Militer kemudian mengatakan bahwa mereka menyerang infrastruktur militer di barat daya Iran.
Presiden AS Donald Trump memperingatkan pada Jumat bahwa Teheran memiliki waktu “maksimum” dua minggu untuk menghindari kemungkinan serangan udara Amerika, karena Washington mempertimbangkan apakah akan bergabung dengan kampanye pengeboman “Israel” yang belum pernah terjadi sebelumnya.
‘Agresi terus berlanjut’
Menteri Luar Negeri Iran Abbas Araghchi tiba di Istanbul pada Sabtu, untuk menghadiri pertemuan Organisasi Kerjasama Islam guna membahas konflik tersebut.
Para diplomat tinggi dari Inggris, Prancis dan Jerman bertemu Araghchi di Jenewa pada Jumat, dan mendesaknya untuk melanjutkan pembicaraan dengan Amerika Serikat yang sempat terhenti akibat serangan “Israel”.
Namun Araghchi mengatakan kepada NBC News setelah pertemuan tersebut bahwa “kami tidak siap untuk berunding dengan mereka (Amerika Serikat) lagi, selama agresi masih berlanjut.”
Trump meremehkan upaya diplomatik Eropa, dengan mengatakan kepada wartawan, “Iran tidak ingin berbicara dengan Eropa. Mereka ingin berbicara dengan kami. Eropa tidak akan dapat membantu dalam hal ini.”
Trump juga mengatakan bahwa ia tidak mungkin meminta “Israel” untuk menghentikan serangannya untuk mengajak Iran kembali ke meja perundingan.
“Jika ada yang menang, hal itu akan sedikit lebih sulit untuk dilakukan,” katanya.

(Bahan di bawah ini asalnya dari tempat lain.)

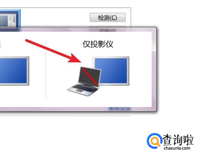 也可以选择‘仅投影仪’,这样显示器上就不显示内容,只在投影仪上显示了。

Keterlibatan AS kemungkinan besar akan menggunakan bom penghancur bunker yang sangat kuat yang tidak dimiliki oleh negara lain untuk menghancurkan fasilitas pengayaan uranium bawah tanah di Fordo.
Sebuah LSM yang berbasis di AS, Human Rights Activists News Agency, mengatakan pada Jumat bahwa berdasarkan sumber-sumbernya dan laporan-laporan media, sedikitnya 657 orang telah terbunuh di Iran, termasuk 263 warga sipil.
Kementerian Kesehatan Iran mengatakan pada Sabtu bahwa sedikitnya 350 orang telah terbunuh dalam serangan ‘Israel”, termasuk para komandan militer, ilmuwan nuklir dan warga sipil.
Nasrin, 39 tahun, yang hanya menyebutkan nama depannya, menjelaskan bahwa ia terlempar dari sebuah ruangan di rumahnya di Teheran akibat serangan “Israel”.
“Saya baru saja menabrak dinding. Saya tidak tahu berapa lama saya tidak sadarkan diri. Ketika saya bangun, saya berlumuran darah dari ujung kepala hingga ujung kaki,” katanya kepada AFP saat ia menerima perawatan di rumah sakit Hazrat Rasool di ibu kota Iran.